Sabine Lisicki laughs, it seems excited. Positively excited. She says: “I’m doing very well, I’m incredibly happy to play in Berlin. In my home country, in my home club.” This weekend, the big tennis tournament in Berlin starts at the LTTC Rot-Weiss facility, trading under the name “Bett1 Open”. The WTA 500 tournament is worth $757,000. Sabine Lisicki is at the start – and that was unthinkable for a long time.

It’s a comeback, or rather an attempt at a comeback. Sabine Lisicki had to take a break for 18 months after a cruciate ligament tear. She went more than 500 days without a single tournament game. Now she has been able to play three small tournaments, won five of eight matches and Lisicki is back in 994th place in the world rankings. She received a wild card for Berlin, or more precisely, a starting permit for the qualification at the weekend, the small tournament before the tournament. She knows that, as a qualifier she once fought her way forward at Wimbledon. But those were different times, younger times. Sabine Lisicki is now 32 years old. Berlin is something like their very last chance to play their way back onto the big stage.

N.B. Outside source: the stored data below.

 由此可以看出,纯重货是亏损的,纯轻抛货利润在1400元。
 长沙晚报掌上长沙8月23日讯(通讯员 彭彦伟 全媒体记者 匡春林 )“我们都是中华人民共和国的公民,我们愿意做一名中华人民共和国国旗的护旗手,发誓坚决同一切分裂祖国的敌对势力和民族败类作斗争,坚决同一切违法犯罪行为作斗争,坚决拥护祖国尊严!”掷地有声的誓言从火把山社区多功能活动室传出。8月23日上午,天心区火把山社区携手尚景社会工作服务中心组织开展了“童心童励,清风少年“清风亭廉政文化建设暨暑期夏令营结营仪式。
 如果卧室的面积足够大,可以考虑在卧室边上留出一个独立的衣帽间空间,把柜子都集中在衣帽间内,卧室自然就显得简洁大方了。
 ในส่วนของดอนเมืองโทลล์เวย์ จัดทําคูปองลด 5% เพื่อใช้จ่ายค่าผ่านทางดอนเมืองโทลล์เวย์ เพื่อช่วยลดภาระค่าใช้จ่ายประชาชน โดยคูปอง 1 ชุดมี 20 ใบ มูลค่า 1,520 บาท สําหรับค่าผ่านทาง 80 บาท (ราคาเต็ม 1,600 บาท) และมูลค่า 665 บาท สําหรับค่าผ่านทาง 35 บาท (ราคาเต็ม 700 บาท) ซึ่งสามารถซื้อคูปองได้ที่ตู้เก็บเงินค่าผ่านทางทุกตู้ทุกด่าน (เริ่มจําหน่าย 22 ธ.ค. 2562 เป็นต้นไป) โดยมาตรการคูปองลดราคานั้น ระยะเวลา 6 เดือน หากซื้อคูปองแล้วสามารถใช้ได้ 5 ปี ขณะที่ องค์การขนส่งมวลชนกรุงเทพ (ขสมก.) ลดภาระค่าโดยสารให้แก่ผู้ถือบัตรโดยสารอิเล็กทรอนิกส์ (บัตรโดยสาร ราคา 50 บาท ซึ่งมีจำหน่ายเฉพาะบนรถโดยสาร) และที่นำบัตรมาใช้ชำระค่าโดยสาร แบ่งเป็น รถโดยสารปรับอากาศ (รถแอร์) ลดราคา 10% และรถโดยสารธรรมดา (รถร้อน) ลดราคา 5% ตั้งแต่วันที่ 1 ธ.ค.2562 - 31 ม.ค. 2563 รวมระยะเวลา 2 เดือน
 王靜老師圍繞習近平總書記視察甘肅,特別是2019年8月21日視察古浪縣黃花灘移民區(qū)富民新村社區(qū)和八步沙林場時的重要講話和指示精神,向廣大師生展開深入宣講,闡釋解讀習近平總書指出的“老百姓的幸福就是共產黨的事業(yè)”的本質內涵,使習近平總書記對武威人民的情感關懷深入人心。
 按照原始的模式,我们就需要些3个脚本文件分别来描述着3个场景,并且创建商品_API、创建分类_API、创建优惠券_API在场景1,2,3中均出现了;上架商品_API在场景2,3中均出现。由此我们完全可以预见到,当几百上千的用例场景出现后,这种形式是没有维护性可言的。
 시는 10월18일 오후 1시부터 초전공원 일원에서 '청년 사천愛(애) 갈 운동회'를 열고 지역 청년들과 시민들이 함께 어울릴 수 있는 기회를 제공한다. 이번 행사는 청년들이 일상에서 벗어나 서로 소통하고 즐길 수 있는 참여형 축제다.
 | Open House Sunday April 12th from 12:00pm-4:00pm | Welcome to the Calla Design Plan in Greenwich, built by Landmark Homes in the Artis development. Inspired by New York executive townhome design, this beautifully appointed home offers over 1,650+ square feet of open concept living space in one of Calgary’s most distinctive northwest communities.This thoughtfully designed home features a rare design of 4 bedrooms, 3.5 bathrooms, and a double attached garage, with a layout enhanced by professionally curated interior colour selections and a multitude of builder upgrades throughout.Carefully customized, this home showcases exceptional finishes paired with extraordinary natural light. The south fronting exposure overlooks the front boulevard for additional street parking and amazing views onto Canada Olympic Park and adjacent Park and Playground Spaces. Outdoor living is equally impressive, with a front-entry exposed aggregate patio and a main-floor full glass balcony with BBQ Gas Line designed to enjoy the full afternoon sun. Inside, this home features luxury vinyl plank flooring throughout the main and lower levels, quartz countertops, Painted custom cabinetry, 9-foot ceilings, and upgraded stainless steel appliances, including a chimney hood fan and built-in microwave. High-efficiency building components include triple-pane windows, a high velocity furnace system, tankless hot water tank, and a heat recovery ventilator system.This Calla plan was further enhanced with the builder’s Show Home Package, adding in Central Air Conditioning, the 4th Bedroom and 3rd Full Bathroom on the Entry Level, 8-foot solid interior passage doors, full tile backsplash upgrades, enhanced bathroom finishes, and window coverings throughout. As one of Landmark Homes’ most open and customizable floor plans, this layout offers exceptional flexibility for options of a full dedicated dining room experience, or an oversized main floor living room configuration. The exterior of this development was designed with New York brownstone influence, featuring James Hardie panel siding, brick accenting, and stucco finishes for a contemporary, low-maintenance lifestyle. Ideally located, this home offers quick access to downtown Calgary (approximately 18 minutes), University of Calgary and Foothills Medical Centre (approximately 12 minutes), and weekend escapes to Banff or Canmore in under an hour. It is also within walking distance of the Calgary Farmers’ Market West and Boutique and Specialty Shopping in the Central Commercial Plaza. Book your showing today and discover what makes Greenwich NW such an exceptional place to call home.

Sabine Lisicki and the big stage? Yes, there was something. Or there was almost something – really big. That was in early July 2013. Lisicki was the first German player since Steffi Graf to reach the Wimbledon final in 1999. The game was not a street sweeper at home, especially since it was broadcast on pay TV, but there were already a number of restaurants in Berlin that invited to public viewing. There, before the match, the rather mature audience talked in many places about the great times of Graf and Boris Becker, the expectations were high, especially in Berlin – and they were disappointed. Lisicki lost without a word to Marion Bartoli 1:6 and 4:6. The French ended her career a few weeks later.

For Lisicki it was a defeat of tragic dimensions, because she would never get that far again. The German tennis player, who seemed on the verge of jumping, was soon sidelined – especially since Angelique Kerber’s heyday with her Grand Slam titles soon began. It was such a small story that had happened to Claudia Kohde-Kilsch decades before: she announced in a big cover story in “Stern” that she would soon rise to number one. The article ended with her just being overtaken by Graf in the world rankings.

After her big performance, Sabine Lisicki’s career was marked by many setbacks and injuries. Mononucleosis, cruciate ligament rupture. Sure, there were highlights, even after Wimbledon – including a few funny ones, around 2015. In one match, she beat a whopping 27 aces, a world record. But things have been going downhill since 2017. “Of course it would have been different if I had had one or two fewer injuries,” she says. But she doesn’t look back. So then the modest look ahead, to Berlin, not her original home, but her second home after moving from Troisdorf near Bonn at a young age. Sabine Lisicki says: “First of all, I’m happy to be back on the pitch after 18 months.” The first tournaments went well.

“Of course it takes time to get in. I worked hard to get here. I’ll reach the first goal on Saturday when I play the match.” She doesn’t want to think much further, at least not out loud. Logically, she had high goals, but her body needs time after lengthy operations. One should not underestimate that. “I have to go forward step by step. I’m a patient person. Now I can be found in the ranking list again. Starting from scratch is not easy.”

But Berlin is a good place to start from scratch. “Here is my home club.” A few things have changed, such as the surface at the tournament: The favorites are preparing for Wimbledon on the grass, just like they did in Birmingham, Lisicki won the tournament eleven years ago. “Of course I noticed the change in Berlin,” she says and laughs: “Grass is my favorite surface, it fits like a glove.”

Then she talks about how nice it can be to be able to play at home again in front of family and friends in her “second career”. Finally she makes a little declaration of war. She is not too old not to be able to stand on the pitch for a few more years. “I didn’t come to Berlin just to play.”